Provided records START

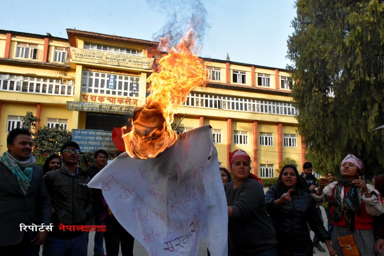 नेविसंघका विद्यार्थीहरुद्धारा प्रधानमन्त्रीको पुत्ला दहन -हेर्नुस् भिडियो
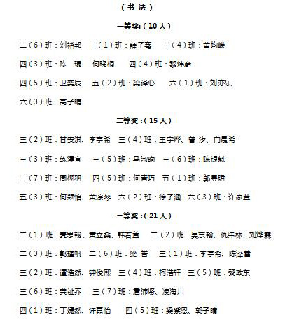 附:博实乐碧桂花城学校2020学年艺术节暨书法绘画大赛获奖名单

Provided records END
Provided records START

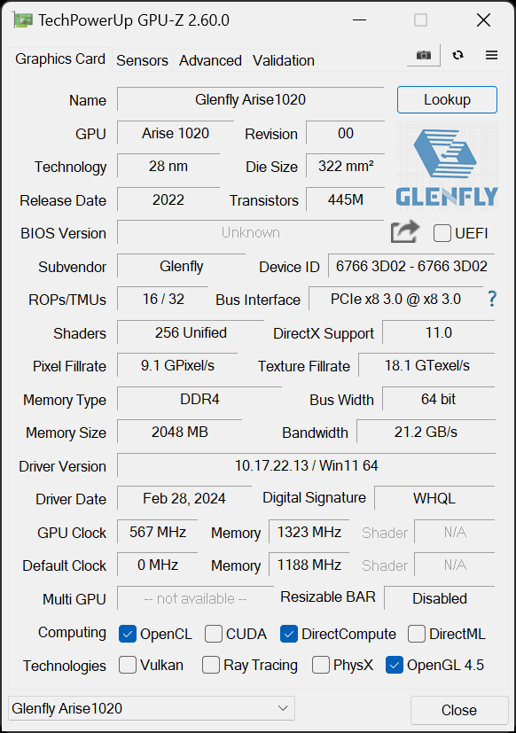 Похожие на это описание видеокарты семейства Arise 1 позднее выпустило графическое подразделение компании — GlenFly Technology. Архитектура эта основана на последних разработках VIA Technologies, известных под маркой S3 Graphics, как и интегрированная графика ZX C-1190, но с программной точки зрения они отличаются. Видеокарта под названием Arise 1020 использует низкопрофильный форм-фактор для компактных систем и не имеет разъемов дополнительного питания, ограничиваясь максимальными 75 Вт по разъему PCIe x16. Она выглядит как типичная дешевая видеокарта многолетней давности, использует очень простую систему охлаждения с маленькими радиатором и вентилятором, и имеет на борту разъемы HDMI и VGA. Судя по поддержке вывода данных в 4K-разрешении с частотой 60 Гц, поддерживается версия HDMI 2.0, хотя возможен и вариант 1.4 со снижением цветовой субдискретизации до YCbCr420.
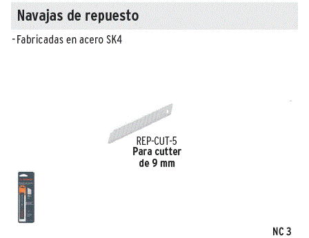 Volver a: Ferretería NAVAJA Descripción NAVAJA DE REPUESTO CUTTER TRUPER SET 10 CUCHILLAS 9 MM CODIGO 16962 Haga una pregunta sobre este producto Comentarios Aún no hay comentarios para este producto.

Provided records END

(Directions for this task): Pictures in the material above should be skipped; print exactly the lines from the one with "नेविसंघका विद्यार्थीहरुद्धारा प्रधानमन्त्रीको" through the one with "附:博实乐碧桂花城学校2020学年艺术节暨书法绘画大赛获奖名单".

(Solution for this task):
 नेविसंघका विद्यार्थीहरुद्धारा प्रधानमन्त्रीको पुत्ला दहन -हेर्नुस् भिडियो
 附:博实乐碧桂花城学校2020学年艺术节暨书法绘画大赛获奖名单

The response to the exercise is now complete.